Jim Cramer: Mad No More?:
"How about this for a new surprise? Jim Cramer, sober-minded personal finance guru.

It creates some contradictions. The hyperactive stockpicker on CNBC's Mad Money has a new book out advising most readers not to buy individual stocks at all"
Wow. A Christmas miracle? Or more likely he has known it all along and realized that picking stocks makes for better TV.

Saturday, December 08, 2007

Freakonomics Being Documentary-ized « FirstShowing.net

Indie Spotlight: Freakonomics Being Documentary-ized « FirstShowing.net:
"...an upcoming adaptation of the New York Times Bestseller by Steven Levitt and Stephen J. Dubner - Freakonomics. The catch is that a group of documentary directors are teaming up to make a documentary based on Freakonomics, with each making a 15 minute segment based off of a couple of chapters."
I cannot remember the last movie I went to, but this might have to be the next one I go to.

Thanks to Mike for sending this to me.

Friday, December 07, 2007

The Anatomy of Financial Crises: Understanding Their Causes and Consequences - Knowledge@Wharton

Gee, I may have to ask Santa for this one.
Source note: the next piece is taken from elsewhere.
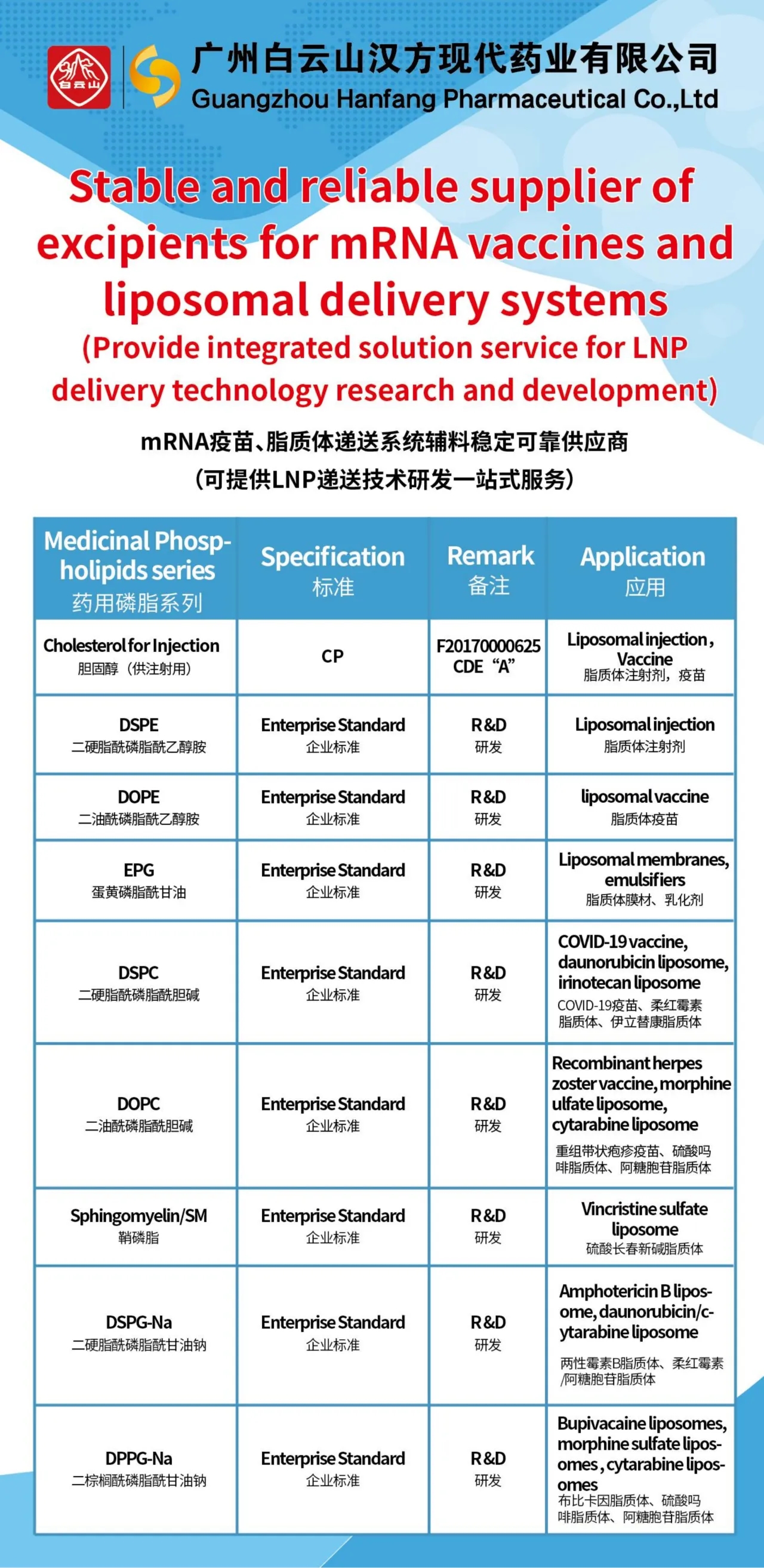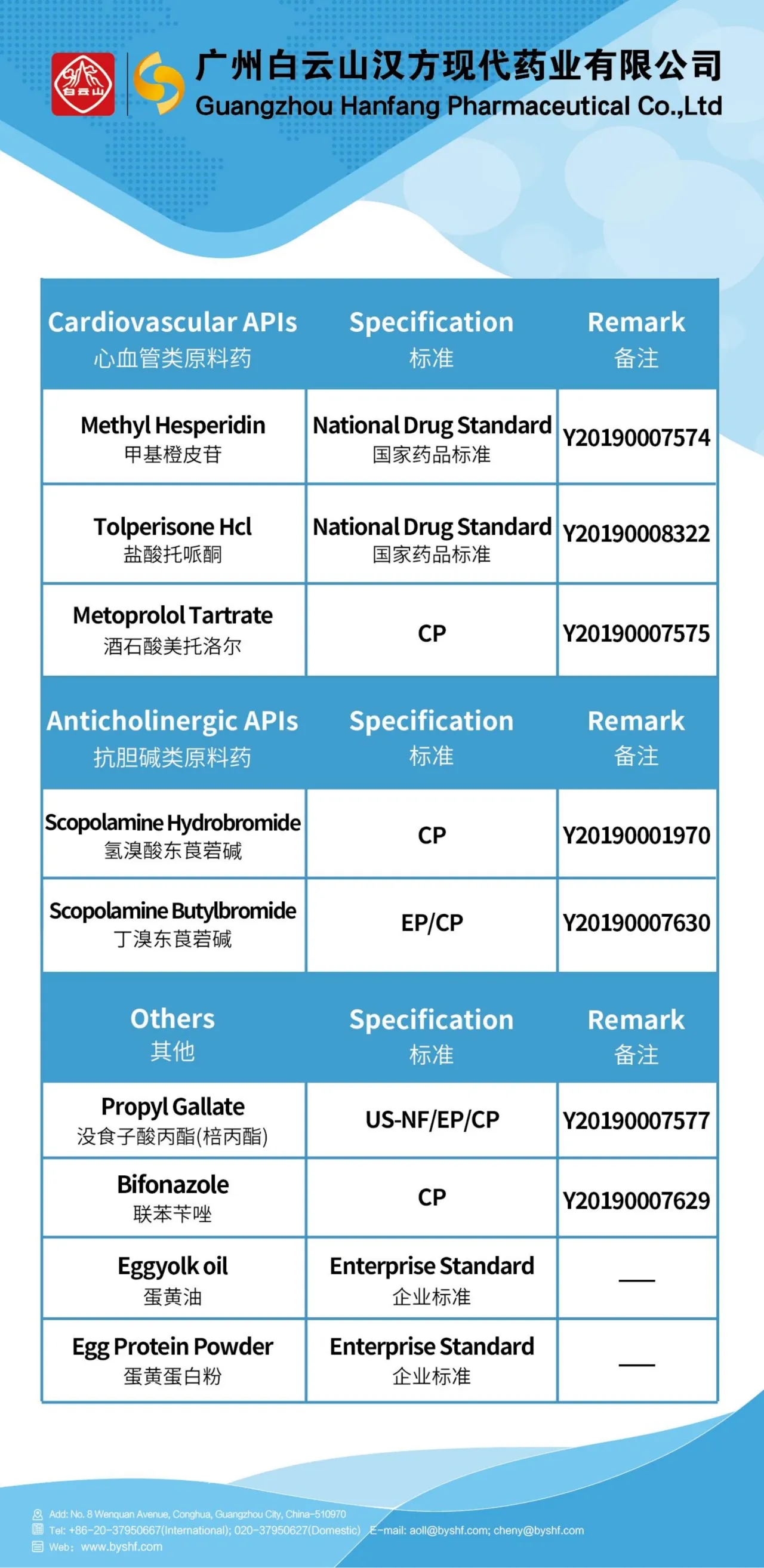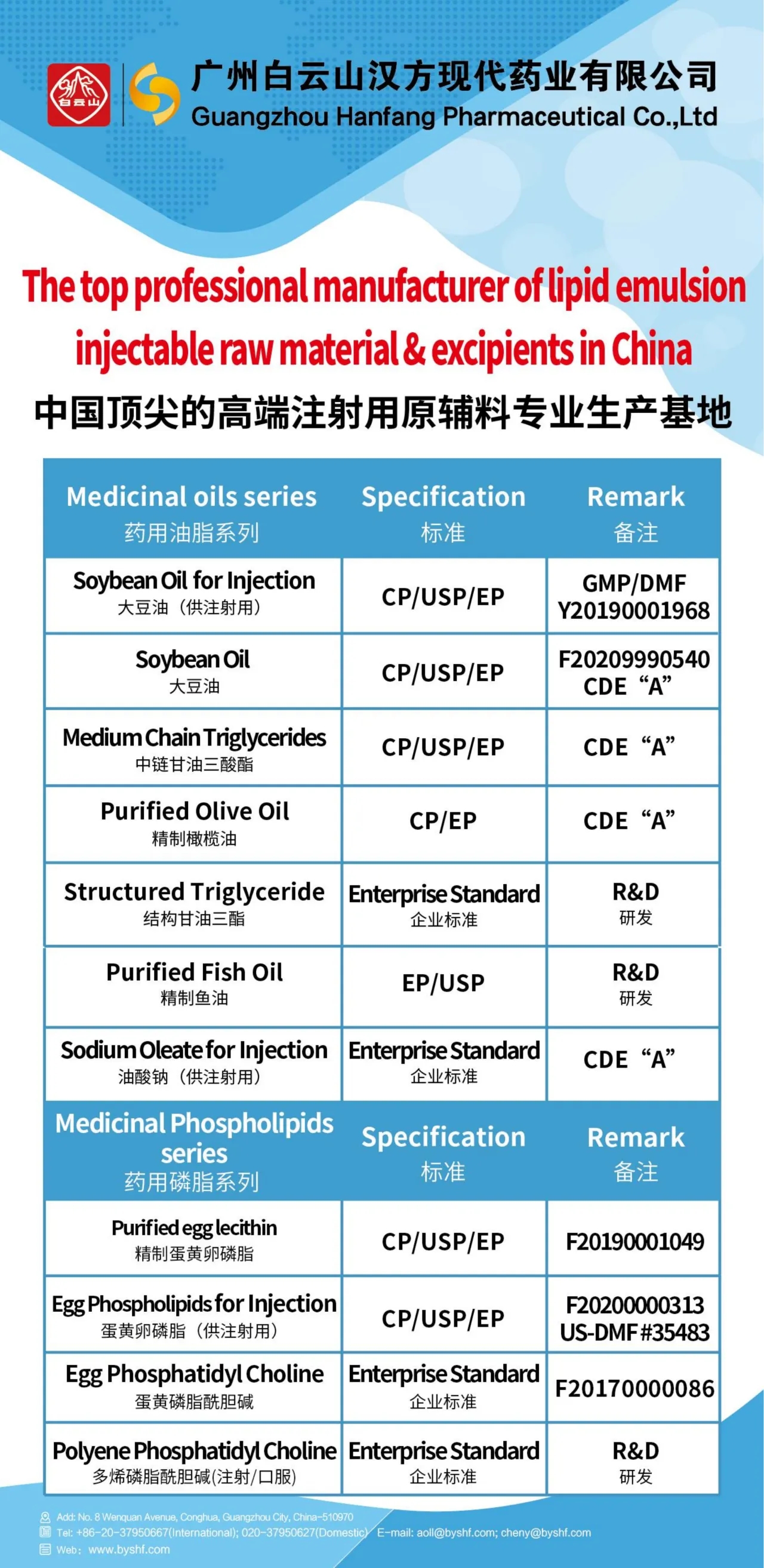作为国际领先的长春碱类抗肿瘤原料药供应商、药用脂质原辅料生产基地,白云山汉方是专业从事抗肿瘤等特色原料药,药用脂质原辅料(磷脂、油脂、甾醇等)研发、生产、销售于一体的高新技术企业。依靠国家工程研究中心强大的科研实力,白云山汉方拥有国内唯一的省级药用脂质重点实验室,始终坚持"创新、务实、专业、责任"的核心价值观,发挥国企大品牌的担当,为国内外客户提供质量可靠、供应稳定的高端原辅料,努力成为国际领先的健康营养品及原辅料供应商。

It looks VERY good!

The Anatomy of Financial Crises: Understanding Their Causes and Consequences - Knowledge@Wharton:
"Crises have been a feature of the financial landscape for hundreds of years. They often appear with little warning, as the sub-prime mortgage crisis of 2007 and the Asian crisis of 1997-1998 illustrate. It's not always clear what causes crises, whether they can be avoided and how their impact can be reduced. A recent book, titled Understanding Financial Crises (Oxford University Press), by Wharton finance professor Franklin Allen and Douglas Gale, a professor of economics at New York University, tackles this subject from a number of different angles"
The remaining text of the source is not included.